As I've mentioned before, Querki is primarily built on top of Akka, a powerful system for building Actor-based applications. Quick summary for those who are new to this approach: Actors are sort of like object-oriented programming done right. Your "objects" are much more rigorously separated than in conventional programs -- they can only communicate via messages, which are always exchanged asynchronously. This requires some serious rethinking of how you build your applications, but it comes with one *gigantic* advantage: assuming you play by the rules, you can write massively-multithreaded applications with almost no chance of the usual problems of threads stepping on each other, deadlocking, or anything like that. Given that threading issues are probably the most pervasive and hardest-to-debug problems in modern software, this is huge.

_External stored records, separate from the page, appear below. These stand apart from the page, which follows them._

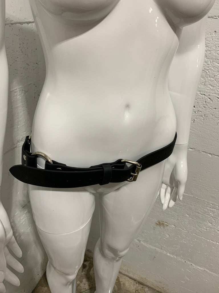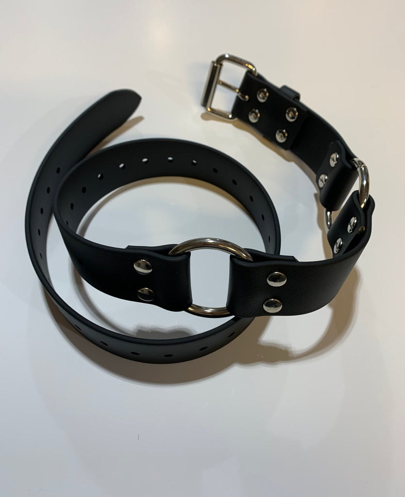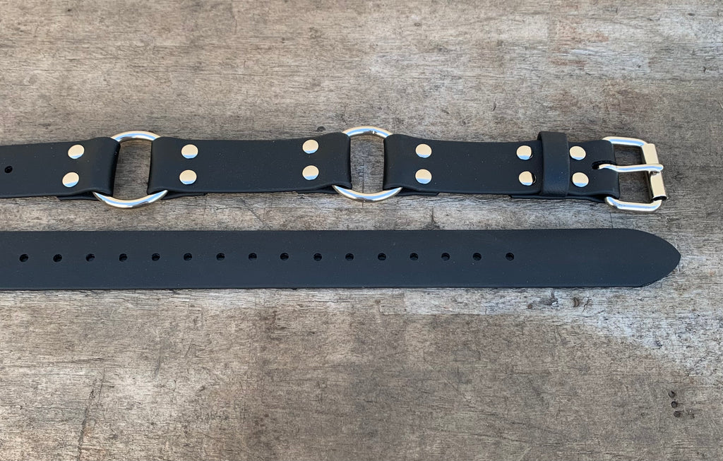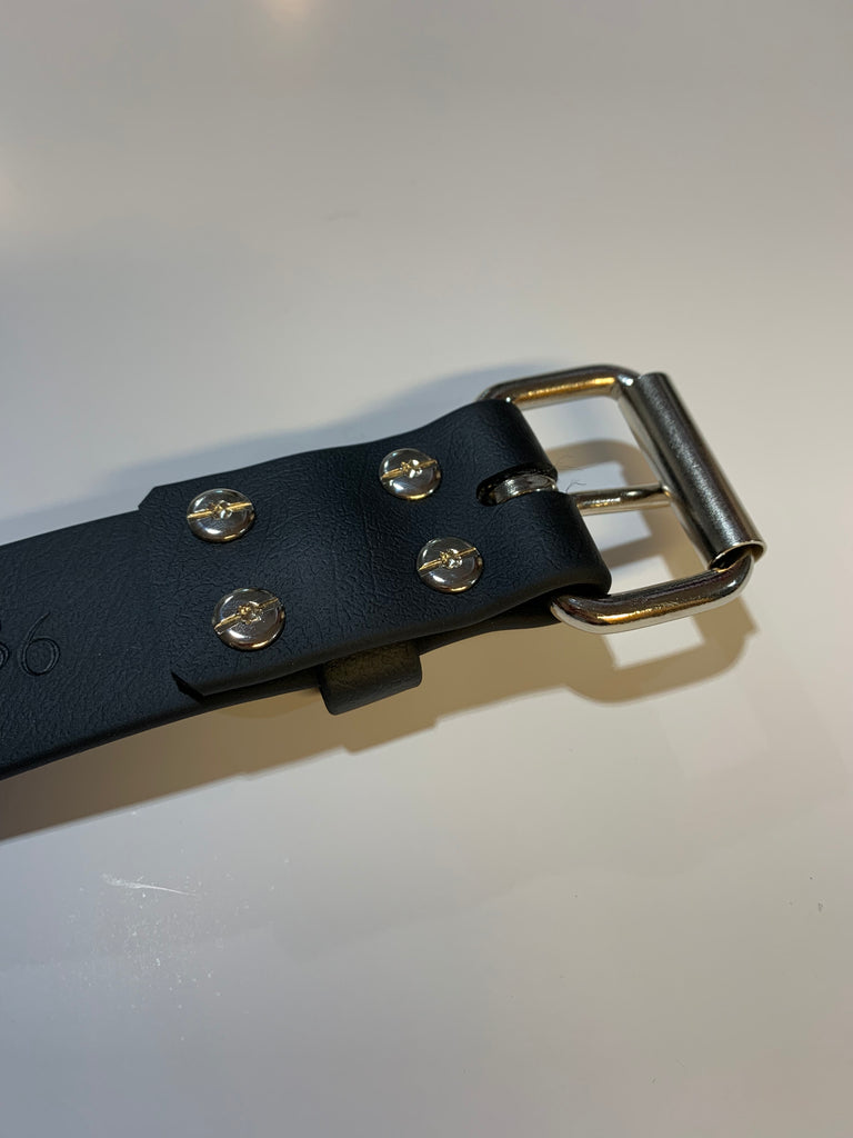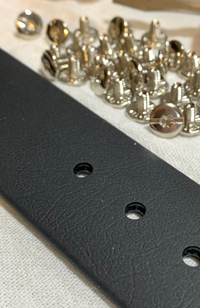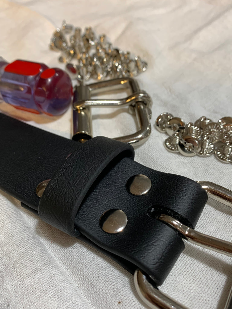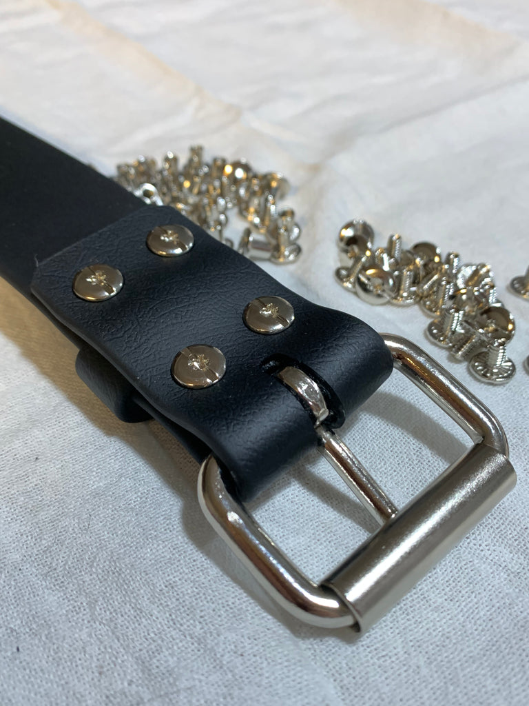 This belt is made with 1.5 inch wide black pvc coated polyester webbing . It has a sturdy chrome plated steel roller buckle closure , that is secured with threaded post (Chicago screws)to allow you to easily change belt buckles.
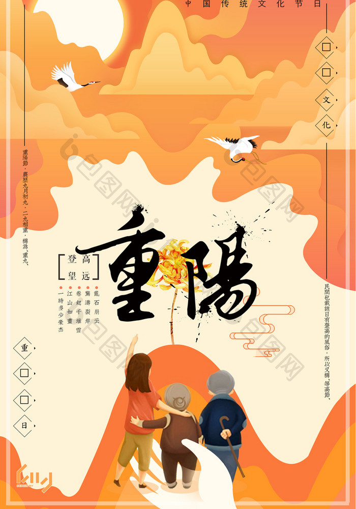 扁平化九月九老人节重阳节传统节日
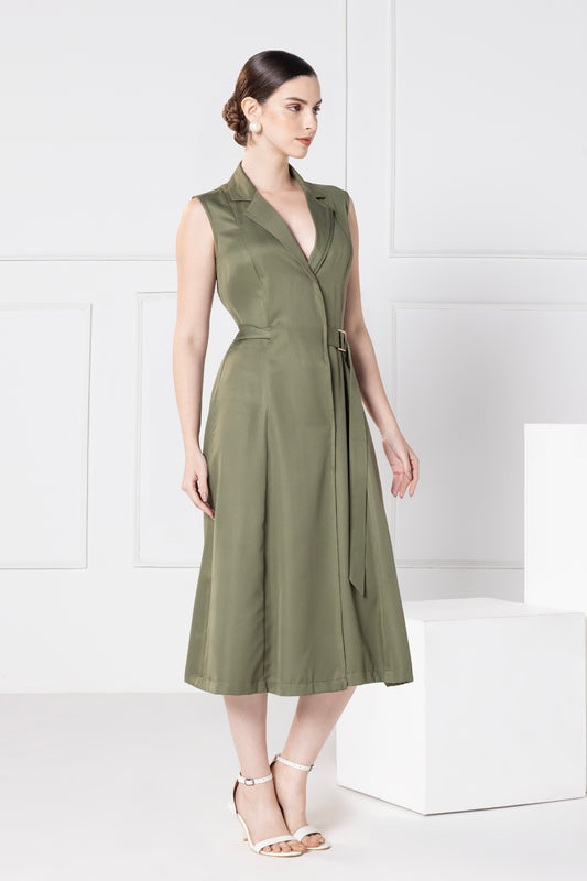 Olive Elegance Midi Dress
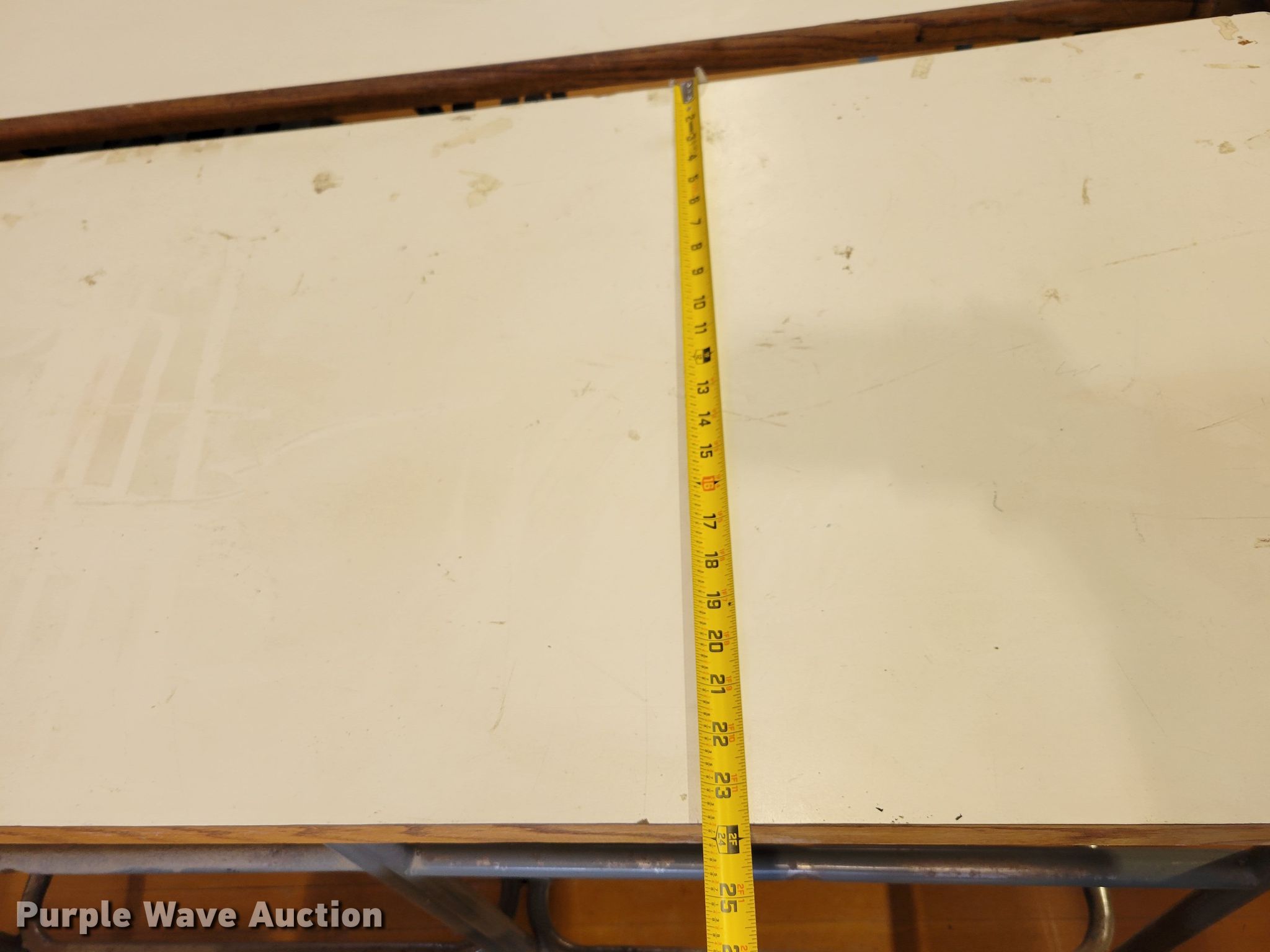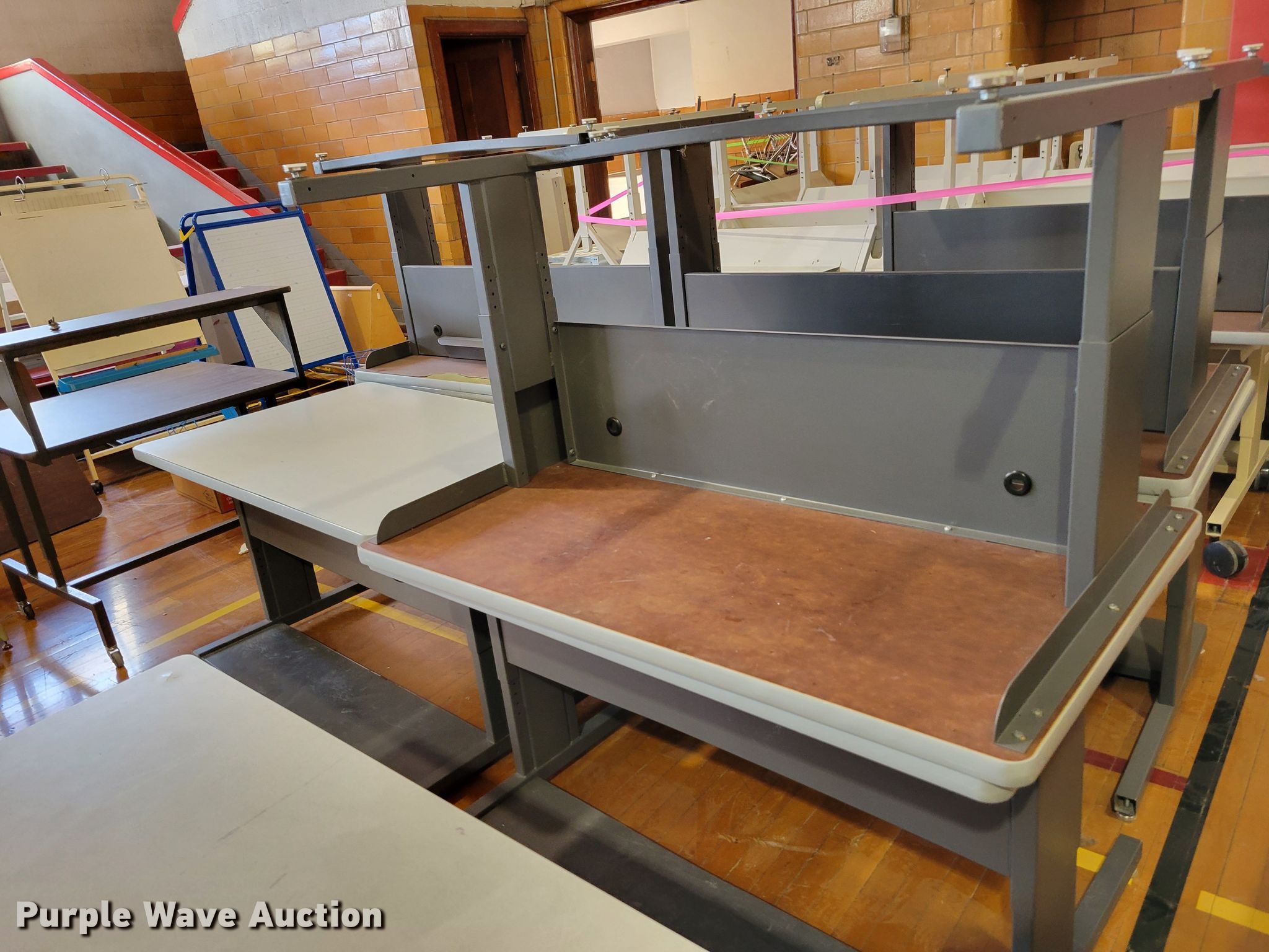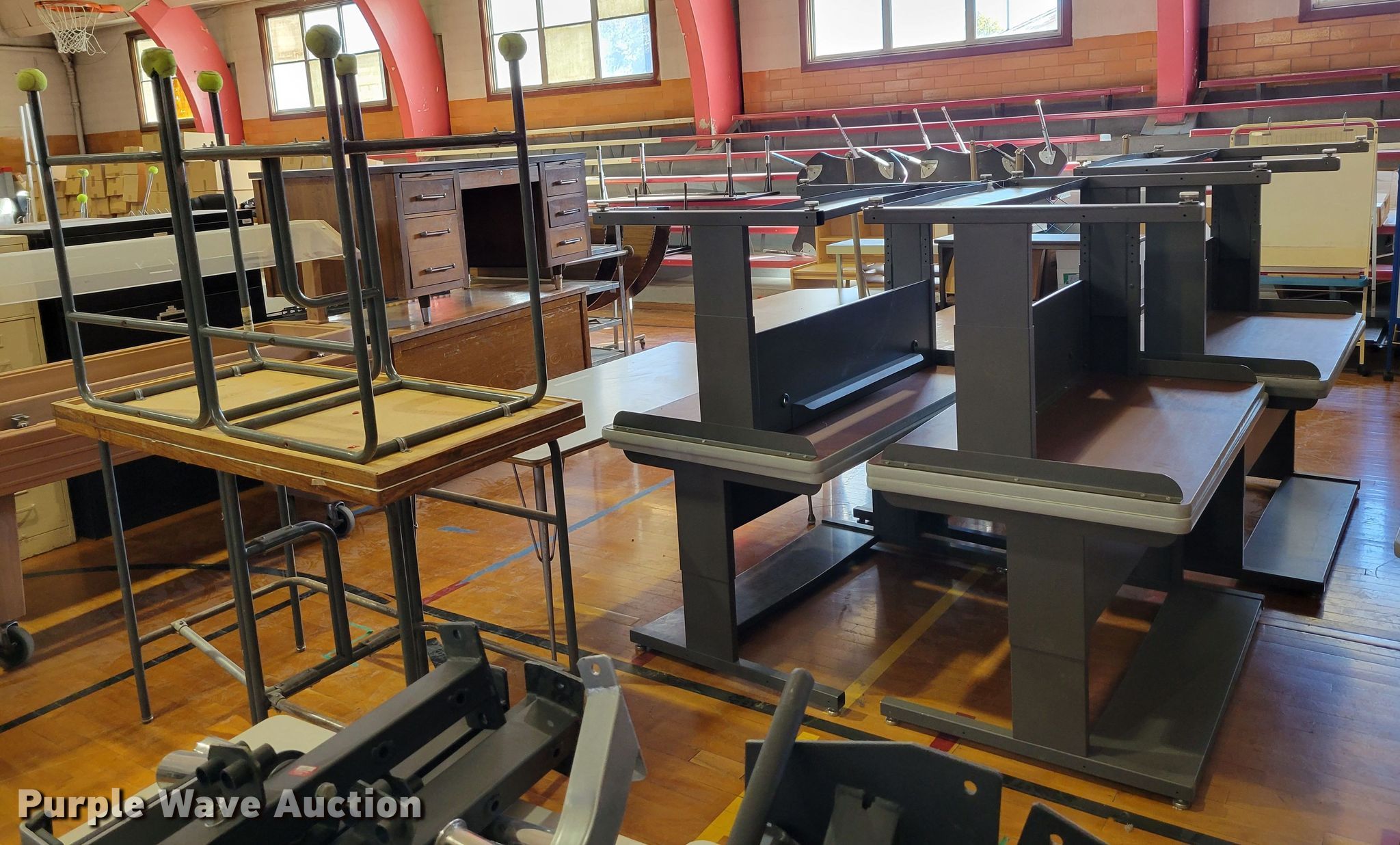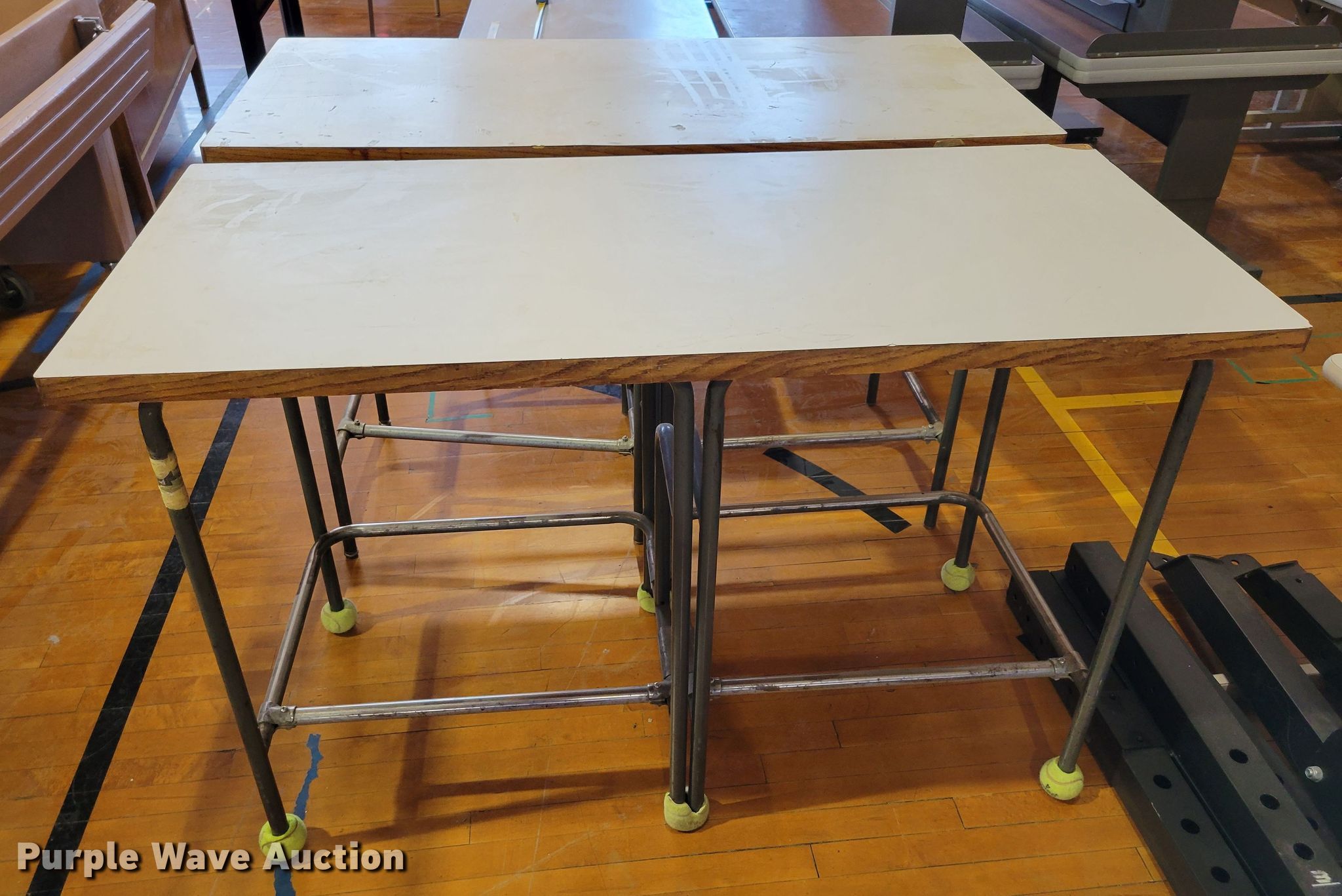 Purple Wave is selling a used Furniture in Iowa. This item is a (14) tables with the following: 57"L x 23"W x 29"H, 48"L x 29.5"W x 30"H, 60"L x 30"W x 27"H, (2) 55"L x 24"W x 36"H, (7) 48"L x 30"W x 27"H, (2) folding tables, 48"L x 30"W x 30"H, (2) carts, 31"L x 36"W x 40"H, 22"L x 24"W x 38"H
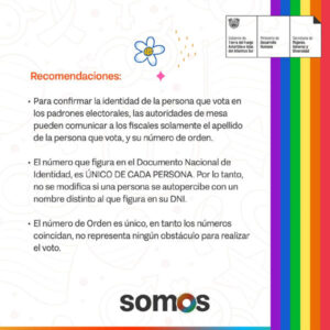 En esta línea, el área de Diversidad provincial, recuerda que al momento de confirmar la identidad de la persona que vota en los padrones electorales, las autoridades de mesa deben comunicar a los fiscales solo el apellido y el número de orden de esa persona.

There's a corollary to that, which the Akka team gradually realized over the past five years: if you take this architecture seriously, there's nothing restricting it to a single machine. After all, these Actors are just passing messages back and forth -- they can do that between machines as easily (in principle) as they can between threads. This has gradually become the raison d'etre of Akka: building software that scales simply by adding more machines, with no changes other than minor configuration. Over the years, the Akka team has deprecated and removed all of the features that are fundamentally single-machine-centric (such as the elegant but unscalable Software Memory Transaction system they once had), in favor of focusing on making it easier and easier to scale.

Querki has always been intended to scale like this -- the notion of distributing across many machines has always been in the design. But designs are one thing, and actual code is quite another; in practice, Querki has to date been running on a single node in a colo in Marblehead. And of course, that has allowed me to be lazy, not sanity-checking whether the system *can* scale properly. Any programmer will immediately intuit that that means the system *doesn't* scale.

So my project for the summer is fixing that: the plan is that, in another month or so, we'll be moving Querki from that one hard node to a virtual cluster running at Amazon. That should be more resilient in a lot of ways, but most importantly, if I can get the system running well on three machines, that will mean that it *does* scale properly. As we get more users, we can just add more servers.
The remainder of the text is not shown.